The heated debates are being driven by a group of anywhere from 12 to 20 of the chamber's most conservative Republicans who call themselves the Freedom Caucus.
Because it covers almost every part of state government, the budget gives the Freedom Caucus members the opportunity to suggest changes directly on the House floor instead of having to first get them past a committee, where the proposals could have died a quiet death.
By getting to bring their amendments before the full House, the Freedom Caucus can use those votes to either try to force other Republicans their direction or as fodder for a Republican primary challenge.

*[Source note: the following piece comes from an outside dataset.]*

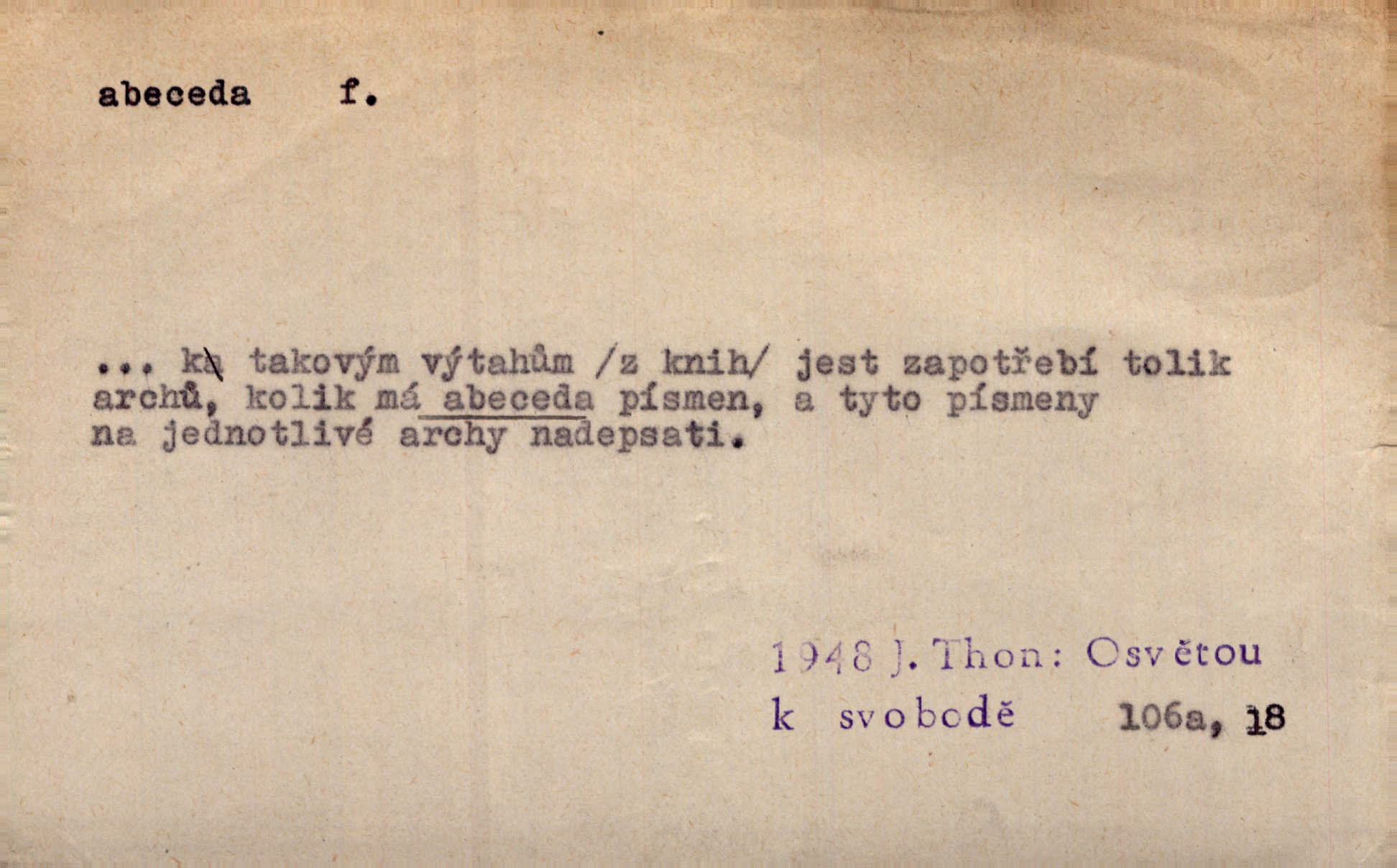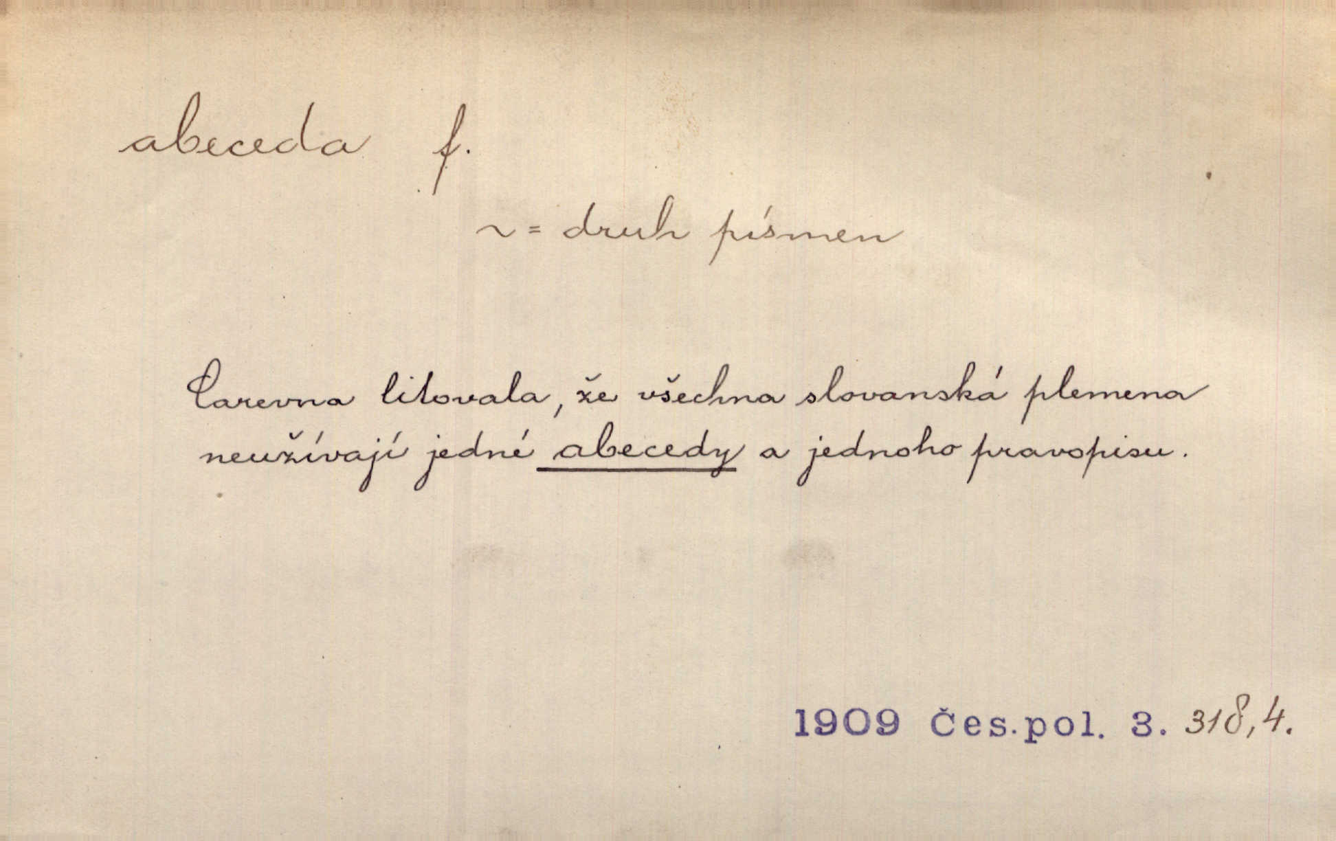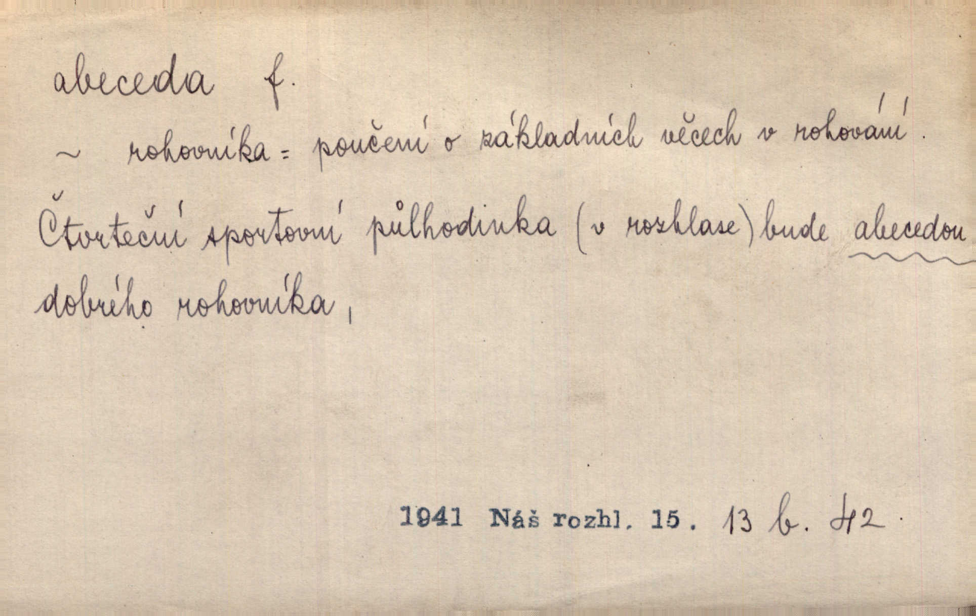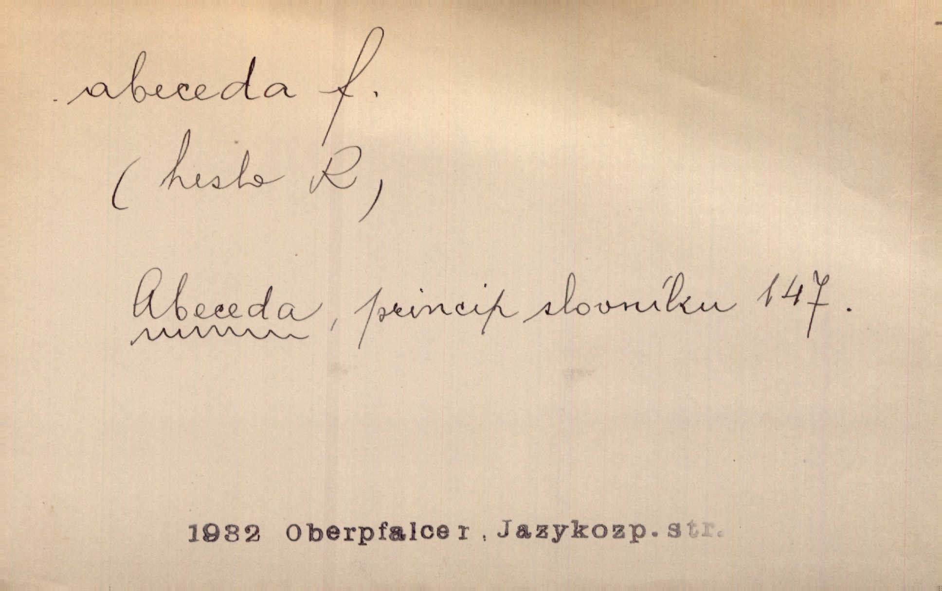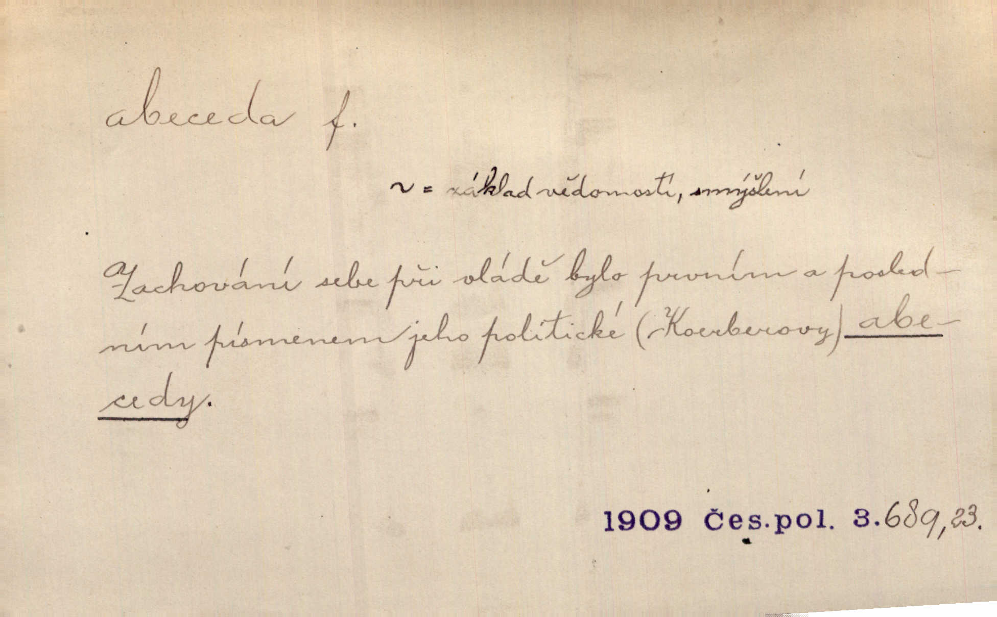 - abeceda, -y f. ustálený pořádek písmen psací soustavy. Abeceda česká, ruská (azbuka), řecká atd. D základní poznatky některého oboru. Správnost dikce je poslední v žurnalistické abecedě. Dyk. základ, počátek. Začínati od abecedy.

"During budget week, we're trying to pass legislation instead of the budget," said Rep. Neal Collins, a Republican from Easley who tweeted last week that the Freedom Caucus was more concerned with scoring political points than governing.
In response, the caucus tweeted that Collins is the House's most liberal Republican.

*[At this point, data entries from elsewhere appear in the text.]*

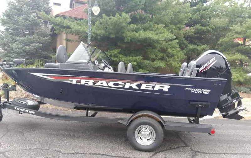 At 17' 7" long, the TRACKER® PRO GUIDE™ V-175 WT is bursting with strength and stability or peace of mind in all weather. With its generous beam, this boat provides ample space for anglers to move around comfortably while casting or trolling. The boat boasts a 48-gallon timed, aerated livewell to keep your catch spunky. Additionally, the PRO GUIDE V-175 WT offers extensive storage options from dedicated rod holders to tackle stows to a convenient console glove box. A stout Mercury outboard delivers instant acceleration, while the Garmin® Striker 4 fishfinder gives you detail on what's below. A Minn Kota® trolling motor provides stealthy motivation. The PRO GUIDE V-175 WT is backed by the TRACKER PROMISE-the industry's leading factory warranty for aluminum boats. This comprehensive warranty includes a lifetime hull/structure/deck warranty, along with 5 years of bow-to-stern coverage, providing reassurance for the long haul.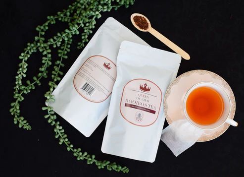 Organic long cut Rooibos packaged in our compostable reusable tea bags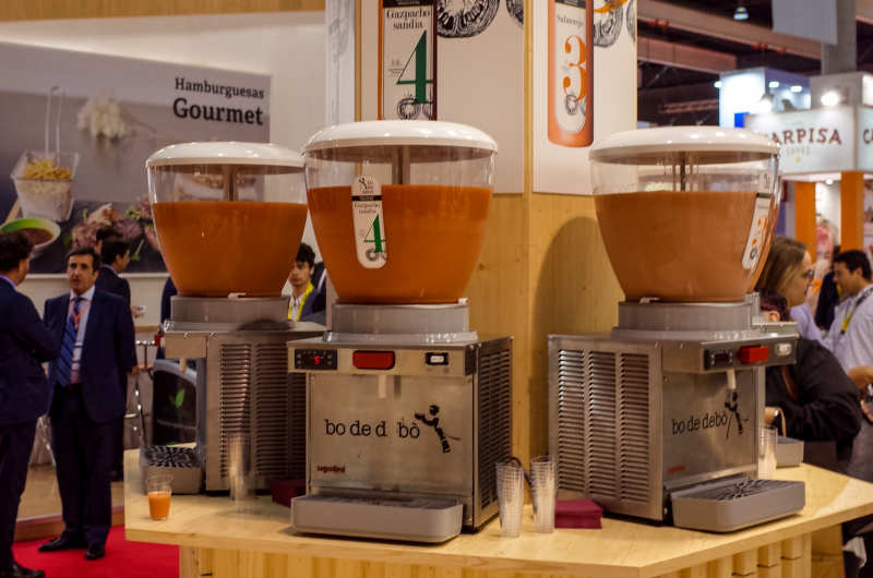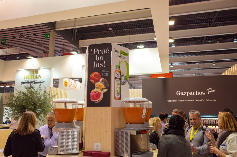 Эта фирма делает гаспачо из свежих продуктов. Хранится это все очень недолго, но зато вкусное и свежайшее. На стенде все можно было пробовать: традиционный гаспачо, острый гаспачо, гаспачо с дыней и гаспачо с арбузом. Довольно прикольно, кстати.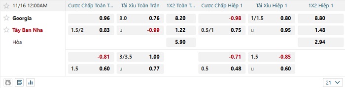 Tip kèo Châu Á hiệp 1 Georgia vs Tây Ban Nha

Last year's budget debate, also taking place when the state accounts were flush with cash, took only a day. This year's debate stretched to nearly midnight on its first day Monday and shows no sign of when it might end.

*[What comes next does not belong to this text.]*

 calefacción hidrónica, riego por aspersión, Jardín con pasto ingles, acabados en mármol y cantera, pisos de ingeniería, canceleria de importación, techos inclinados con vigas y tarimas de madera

The budget itself is full of raises. Every state employee would get a pay bump. Most would get $2,500, while those earning more than $83,000 a year get a 3% raise. In total, those raises would cost the state $124 million.
The spending plan increases the starting pay for teachers by $2,500 and also increases the yearly step raises which create the base pay for teachers by $2,500. The budget also would send $261 million more in classroom aid to local school districts, which could use that money to give raises if they are already above the minimums set by the state.
Lawmakers are also offering $30 million in raises for law enforcement.
There is $200 million to fix bridges, $250 million to help local road projects, $120 million for the state to help poorer, rural school districts with new buildings and $38 million set aside to conserve land from development.
The House plan also finds more than $1 billion to help bring a plant to build electric SUVs by Volkswagen-backed Scout Motors to a site near Columbia.
All those details were worked out in committee. On the House floor this week, the discussion has been on the edges of the budget.
Almost all of Monday's debate was about diversity, equity and inclusion programs at colleges and universities, one of the GOP's latest culture-war targets. The Freedom Caucus offered amendments to punish schools that have DEI programs by stripping each institution of an amount commensurate with what the schools spend on those programs.
"We have an increasing problem in our schools of higher ed of promoting very political ideologies on students and faculty and in curriculums. As I mentioned, it is all funded by taxpayers," said Rep. Adam Morgan, a Republican from Taylors who leads the Freedom Caucus.
But the amendments wouldn't have directly removed the money from the programs. Instead, the cash would have come out of each school's general fund. Republicans against the idea said the proposals were sloppy since the money could be removed from any program at the colleges.
"I at least try to do my homework. This is a failure. This is a disappointment," Republican Rep. Micah Caskey of West Columbia said. "How many scholarships are we going to lose?'"
Tempers flared as other members of the Freedom Caucus said they were tired of Caskey talking down to them, and Speaker Murrell Smith had to take a two-minute break to cool things down.
Only one amendment passed Monday night. It was sponsored by first-year Democratic Rep. Heather Bauer of Columbia. It cut the salary of Comptroller General Richard Eckstrom to $1 after his office double-counted cash for nearly a decade, leading to a $3.5 billion accounting error that didn't affect the state bank accounts but could hurt its credit rating.